1) At the first screen, after the car has been recognized, you need to select the DME Motor Electronics. The DIS asks if the Individual Quick test should be carried out. Press OK. After this the DME is selected (blacked out).
2) Next press the Forward arrow on the lower right corner. Answer the possible questions, like Does the car have an AHM Trailer Module (No).
3) Now you should be in a Diagnosis Symptom selection screen. Press Function Selection on the lower left corner.

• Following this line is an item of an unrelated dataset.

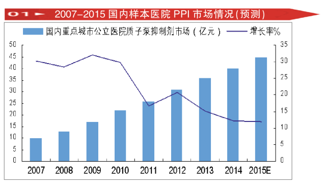 据HDM系统数据,目前国内重点城市公立医院消化类药物市场居第一位的是兰索拉唑,2014年用药金额为11.53亿元,同比上一年增长20.60%;2015年1-3季度用药金额已近9亿元,仍是国内医院质子泵抑制剂市场上的亮点。

4) Now you should be in a Diagnosis Function and Component selection screen. Choose Service Functions in the Functions list.
5) Choose Drive.
6) Then Motor Electronics.
7) Now, on the Motor Electronics list, choose VANOS ventilation.
8) On the next list, choose again VANOS ventilation.
9) Then press Test Schedule on the bottom of the screen. Ask the possible short test question No.
10) Now you're in a Diagnosis Test schedule and you can see the VANOS ventilation on the schedule list. Press the Forward arrow on the lower right corner.
11) Now the DIS tells you about the VANOS bleeding procedure on the lower right part of the screen. Press Forward arrow.
12) Now you can select, if the Bleeding or VANOS test should be run. Choose the number 1 or 2. Then forward. Follow the instructions.
12) Now the test or bleeding should be run and end with results.